Coping with the Document Frequency Bias in Sentiment Classification
Rafrafi, Abdelhalim (University Pierre et Marie Curie) | Guigue, Vincent (University Pierre et Marie Curie) | Gallinari, Patrick (University Pierre et Marie Curie)
In this article, we study the polarity detection problem using linear supervised classifiers. We show the interest of penalizing the document frequencies in the regularization process to increase the accuracy. We propose a systematic comparison of different loss and regularization functions on this particular task using the Amazon dataset. Then, we evaluate our models according to three criteria: accuracy, sparsity and subjectivity. The subjectivity is measured by projecting our dictionary and optimized weight vector on the SentiWordNet lexicon. This original approach highlights a bias in the selection of the relevant terms during the regularization procedure: frequent terms are overweighted compared to their intrinsic subjectivities.We show that this bias appears whatever the chosen loss or regularization and on all datasets: it is closely link to the gradient descent technique. Penalizing the document frequency during the learning step enables us to improve significantly our performances. A lot of sentimental markers appear rarely and thus, are unappreciated by statistical learning algorithms. Explicitly boosting their influences leads to increasing the accuracy in the sentiment classification task.

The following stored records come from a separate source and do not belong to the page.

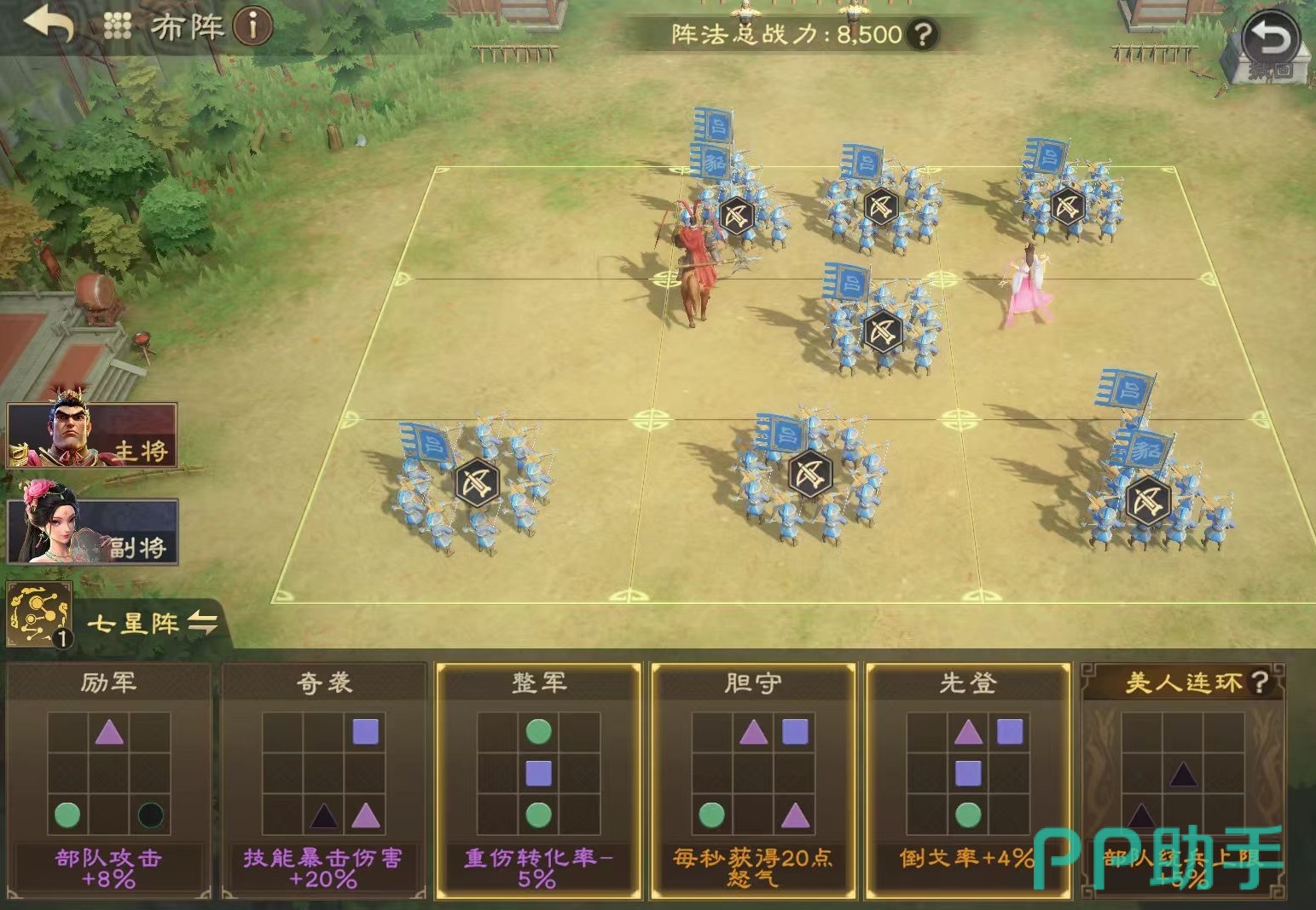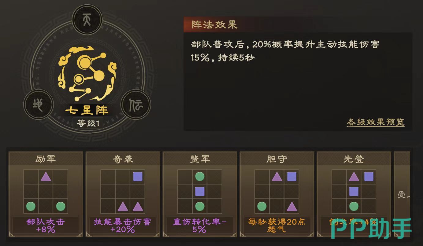 在游戏中通过提升军阶可以获得部分阵法,也可以通过活动获取,在招募过程中也可以得到阵法,七星阵就是属于阵法之一。七星阵的效果是在开启之后,部队进行普攻时有20%的几率,提升主动技能15%的伤害,持续5秒钟。七星阵是属于珍品阵法之一,在普攻时通过伤害提供额外的乘区,暴击上限高,技能增伤更稳定。七星阵主要用于技能体系,如果大家想要走主动技能伤害类型,那么选择七星阵是最佳的搭配。
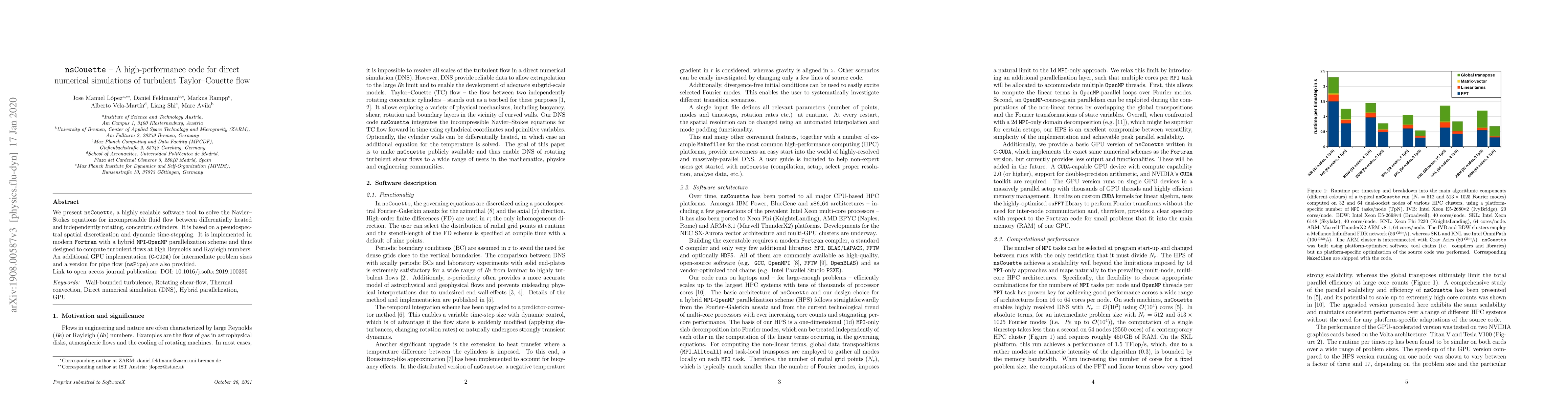 nsCouette is a scalable software tool for solving Navier-Stokes equations in turbulent Taylor-Couette flow using pseudospectral discretization and hybrid MPI-OpenMP parallelization. It also offers GPU implementation for intermediate problem sizes and a version for turbulent pipe flow.
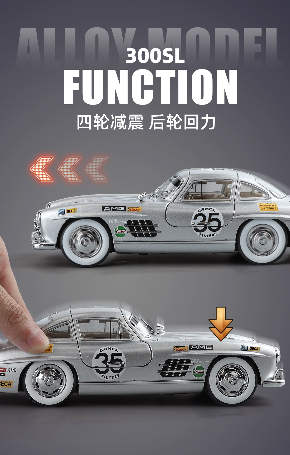 Ця модель автомобіля Mercedes 300 SL у масштабі 1:24 стане ідеальним предметом колекціонування для шанувальників розкішних автомобілів і тих, хто шукає інтерактивну та високодеталізовану модель.
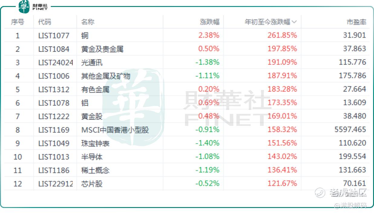 数据显示,截至12月31日,港股铜板块年内累涨261.85%,黄金及贵金属板块涨197.85%,其他金属及矿物板块涨187.91%,有色金属、铝、黄金股、稀土概念也都在年内实现翻倍上涨。
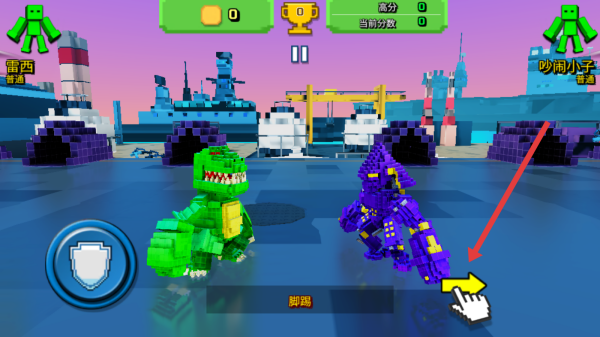 3、战斗中操控雷西,先右滑动哦们使用脚踢技能,攻击紫色吵闹小子,灵活运用左侧防御按钮争取获胜。
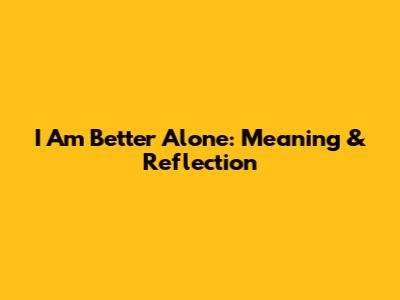 I Am Better Alone: Meaning & Reflection
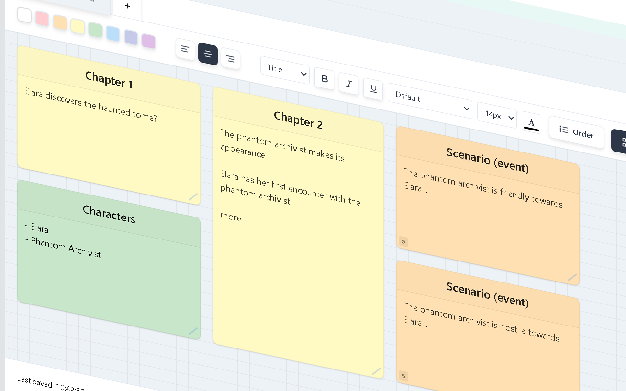 Capture inspiration, track subplot threads, and organize reference materials. Notes support the same version control and styling as chapters.
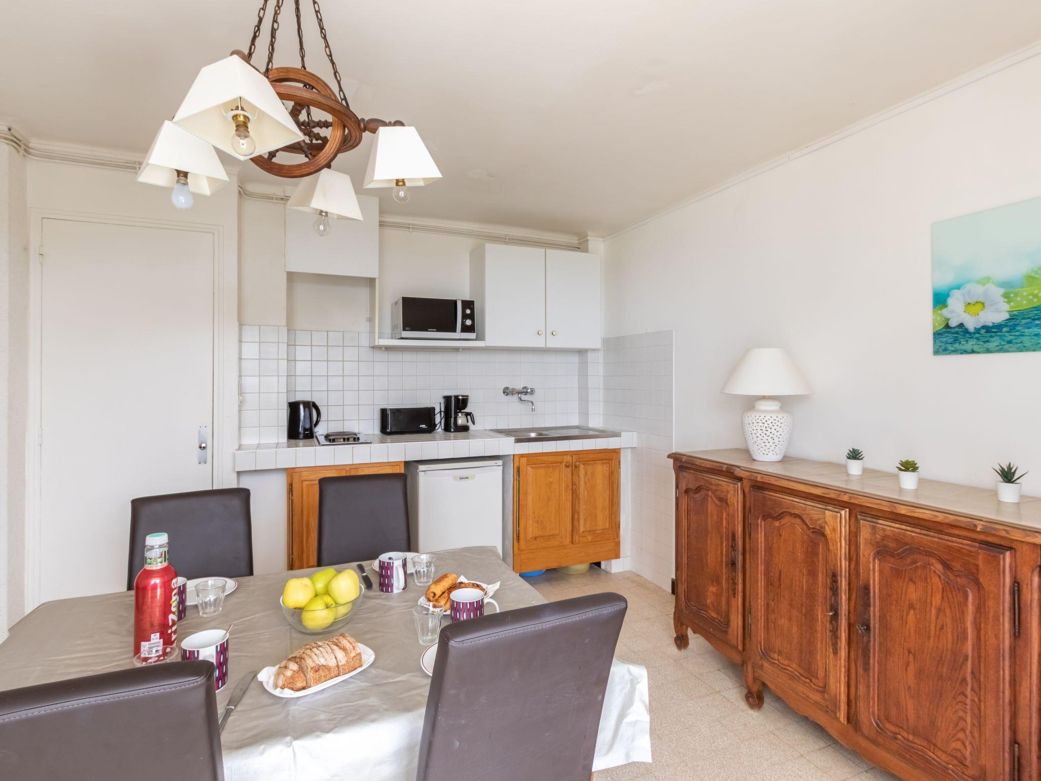 3-room apartment 52 m2 on 1st floor. Simple and practical furnishings: living/dining room with TV (flat screen). Exit to the terrace. 1 room with 2 beds (80 cm, length 190 cm). 1 room with 1 french bed (140 cm, length 190 cm). Kitchenette (2 hot plates, toaster, kettle, microwave, electric coffee machine). Shower, sep. WC. No heating option. Terrace 6 m2, south-west facing position. Terrace furniture. View of the sea. Facilities: Internet (WiFi, extra). Parking (1 car). Please note: not suitable for children under 3 years. TV only FR. Smoke alarm. 8311200068401

Evolution of Experts in Question Answering Communities
Pal, Aditya (University of Minnesota) | Chang, Shuo (University of Minnesota) | Konstan, Joseph A. (University of Minnesota)

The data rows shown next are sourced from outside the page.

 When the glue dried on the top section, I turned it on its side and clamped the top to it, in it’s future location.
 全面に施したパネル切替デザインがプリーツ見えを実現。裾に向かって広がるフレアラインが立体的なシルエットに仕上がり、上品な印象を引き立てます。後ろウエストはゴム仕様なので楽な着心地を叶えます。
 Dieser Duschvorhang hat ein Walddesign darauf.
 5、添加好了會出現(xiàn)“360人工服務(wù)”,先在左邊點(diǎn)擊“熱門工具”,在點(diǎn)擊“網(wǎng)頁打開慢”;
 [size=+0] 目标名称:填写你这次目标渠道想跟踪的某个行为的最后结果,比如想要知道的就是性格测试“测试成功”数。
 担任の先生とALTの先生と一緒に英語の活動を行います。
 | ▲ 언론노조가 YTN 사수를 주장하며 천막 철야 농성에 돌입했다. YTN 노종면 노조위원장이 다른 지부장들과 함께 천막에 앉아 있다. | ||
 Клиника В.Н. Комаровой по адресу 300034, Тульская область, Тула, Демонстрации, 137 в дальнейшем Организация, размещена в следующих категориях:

Community Question Answering (CQA) services thrive as a result of a small number of highly active users, typically called experts, who provide a large number of high quality useful answers. Understanding the temporal dynamics and interactions between experts can present key insights into how community members evolve over time. In this paper, we present a temporal study of experts in CQA and analyze the changes in their behavioral patterns over time. Further, using unsupervised machine learning methods, we show the interesting evolution patterns that can help us distinguish experts from one another. Using supervised classification methods, we show that the models based on evolutionary data of users can be more effective at expert identification than the models that ignore evolution. We run our experiments on two large online CQA to show the generality of our proposed approach.